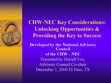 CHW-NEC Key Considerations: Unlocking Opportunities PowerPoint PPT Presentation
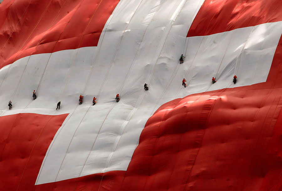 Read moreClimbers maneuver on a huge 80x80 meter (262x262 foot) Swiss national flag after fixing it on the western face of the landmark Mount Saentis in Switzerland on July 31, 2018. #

...

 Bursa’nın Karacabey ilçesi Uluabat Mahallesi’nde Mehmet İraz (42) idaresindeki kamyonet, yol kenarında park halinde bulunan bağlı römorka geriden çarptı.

## Work request
In the data above, find the line containing "CHW-NEC Key Considerations: Unlocking" and the line containing "Read moreClimbers maneuver". Copy exactly the stretch from the first through the second, both included, leaving out any picture.

## Response to this exercise
 CHW-NEC Key Considerations: Unlocking Opportunities PowerPoint PPT Presentation
 Read moreClimbers maneuver on a huge 80x80 meter (262x262 foot) Swiss national flag after fixing it on the western face of the landmark Mount Saentis in Switzerland on July 31, 2018. #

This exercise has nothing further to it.